Paul Degelman says his dad, Wilf, was never much of an office guy. “He was either on a tractor seat, in a Cat doing work or out in the shop. He’d stop and talk to everybody, ask them how life was going, have fun with them and make them laugh. He had a real empathy for them, and really admired his people.”
Paul says his dad would have a quick word for he and his siblings any time he heard the kids complaining. Here’s how he responded to those complaints.
‘You know what, you guys? Look at these staff of ours. They come to work early in the morning when it's dark and cold – 25 degrees below zero in ugly weather. They show up give us their day – every day.

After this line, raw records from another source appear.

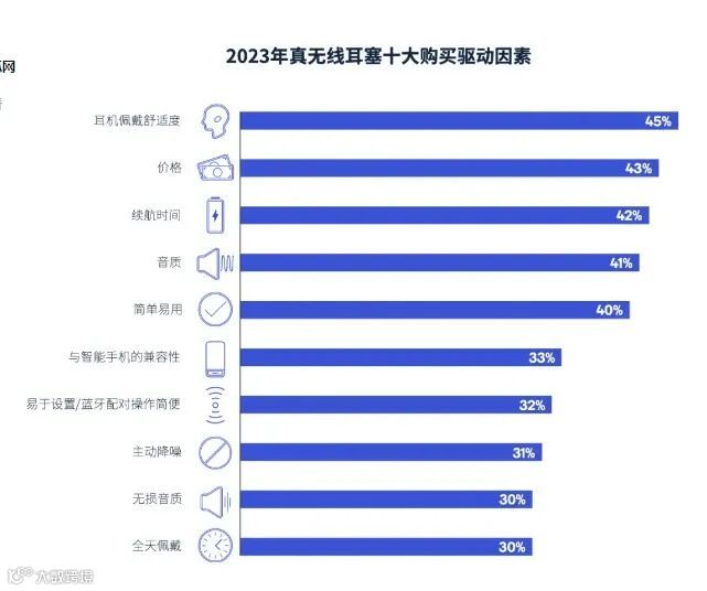 开放式耳机为何突然爆火?背后的原因与用户习惯的改变其实有直接关系。这里分享一下高通在2023年发布的《音频产品使用现状调研报告2023》。报告对消费者购买耳机的驱动因素进行了调查,结果显示「耳机佩戴舒适度」首次超过了价格、音质等因素,成为消费者的首要考虑因素。
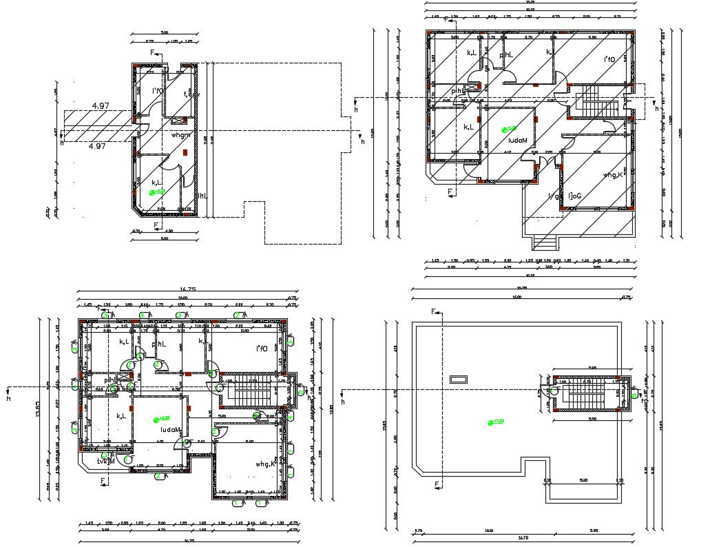 45 X 55 feet architecture house ground floor plan, first-floor plan and terrace plan design that shows door and window marking detail. download 275 squarer yards 3 BHK house plan design with column layout plan and all dimension detail DWG file.
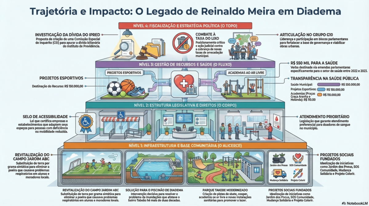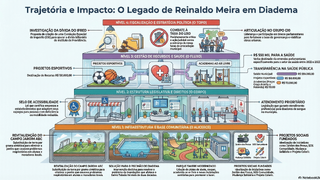 O vereador Reinaldo Antônio Meira, em seu segundo mandato na Câmara Municipal de Diadema, consolidou uma trajetória marcada por ações voltadas ao bem-estar da comunidade. Natural da cidade, Meira iniciou sua carreira política com projetos que revitalizaram espaços públicos e criaram alternativas de lazer, como a transformação do Campo Jardim ABC em 2015 e a reestruturação do Jardim Takebe, que passou a oferecer pistas de skate, cooper e academia ao ar livre.

Nobody's getting rich, but they keep on coming. So, when you guys feel sorry for yourself, just think about that."
Paul says the employees at Degelman sensed Wilf’s genuine passion for them, and they were ready to follow him, including a lot of 45- and 50-year guys still with the company. “And it isn’t work. They’re in the back grinding and welding and working with heavy iron,” says Paul. “It's not a tiny little shop where everybody loves each other. There's unions and issues, of course, but our employees believed in Dad. They knew he loved them and appreciated them. And I think that goes for his customers, the farmers. He was interested in them personally, and in helping them succeed.”
So, Paul says that Wilf “knocked that ‘feeling sorry for yourself’ thing right off of us at an early age. Once during harvest, we griped about sitting 15 hours in a combine. He’d say, ‘that’s an air-conditioned, beautiful combine. You should be happy that you’re in that combine.’ Because that wasn’t the world he grew up in, and the tough days of his generation.”